In a bid to prevent any repeats in Russia, the Defense Ministry announced plans to commission a research project on the theme of color revolutions, which rippled across the post-Soviet space following the collapse of the Soviet Union, Interfax news agency has reported.
"Some say that the military should be sidelined and not included in political processes; others say the contrary. We will fund a study," Defense Minister Sergei Shoigu said Friday with regard to color revolutions, Interfax reported.
"We have to understand how to prevent [revolutionary activities] and how to educate our young so they will move in the right direction," Interfax quoted Shoigu as saying.
"Color revolution" is a term used to describe popular uprisings such as Georgia's 2003 Rose Revolution and Ukraine's 2004-05 Orange Revolution. The Kremlin has repeatedly accused the West of meddling in these countries' internal politics in an effort to undermine Moscow's interests.
Major General Mikhail Smyslov, the head of army personnel, reiterated his ministry's position on the matter in an interview with the Russian News Service on Saturday, saying that color revolutions were an enduring threat to the country.
"Recent events have shown that these threats are absolutely real and long-lasting," the Russian News Service quoted Smyslov as saying. "Naturally, we have to understand how these threats are repelled, how their damage can be reduced."
Russian officials have been contemplating the study of color revolutions for some time.

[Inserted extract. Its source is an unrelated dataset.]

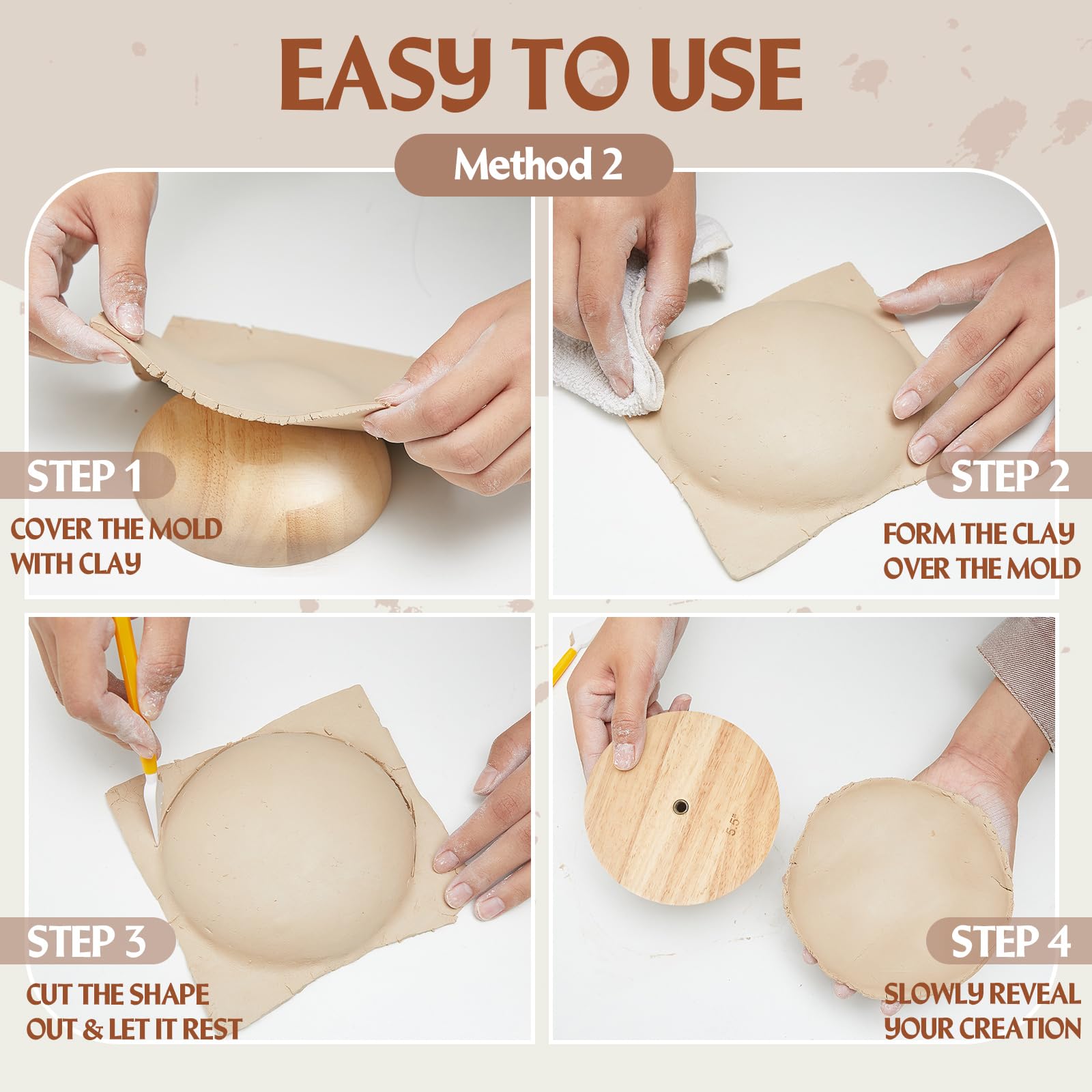 - Usage Flexibility: these pottery tools allow you to create and make your own bowls and plates; Press the top forms into clay using foam (not included) to make classic and elegant plates, dishes or bowls, or lay them flat on your table and put clay above them, allowing you to create works of art as you want

In March, a research body associated with Russia's Security Council was set to recommend the adoption of measures to prevent the "destabilization of the internal political situation," Kommersant newspaper reported at the time. One of recommendations, according to Kommersant, was to quash the romanticization of revolution in the country.
The term "color revolution" has also slipped into President Vladimir Putin's lexicon.
In March, Putin ordered Interior Ministry officials to smother any budding color revolutions in the country by engaging in "preventive work."
"We see attempts to use so-called 'color revolution technology,' ranging from organizing unlawful public protests to open propaganda of hatred and enmity on social networks," Putin said in March during at an expanded session of the Interior Ministry Board, according to the Kremlin's website. "The aim is obvious — provoke civil conflict and strike a blow to our country's constitutional foundations, and ultimately even at our sovereignty."
At a Security Council meeting in November, Putin also warned that color revolutions in post-Soviet states should serve as a "lesson and warning," and that "everything necessary" should be done to prevent them from happening in Russia.
Moscow has also been wary of the prospect of color revolutions abroad. Last month, Russia's Foreign Ministry accused "Western organizers" of attempting to foment a color revolution in Macedonia, a former Yugoslav republic grappling with a major political crisis.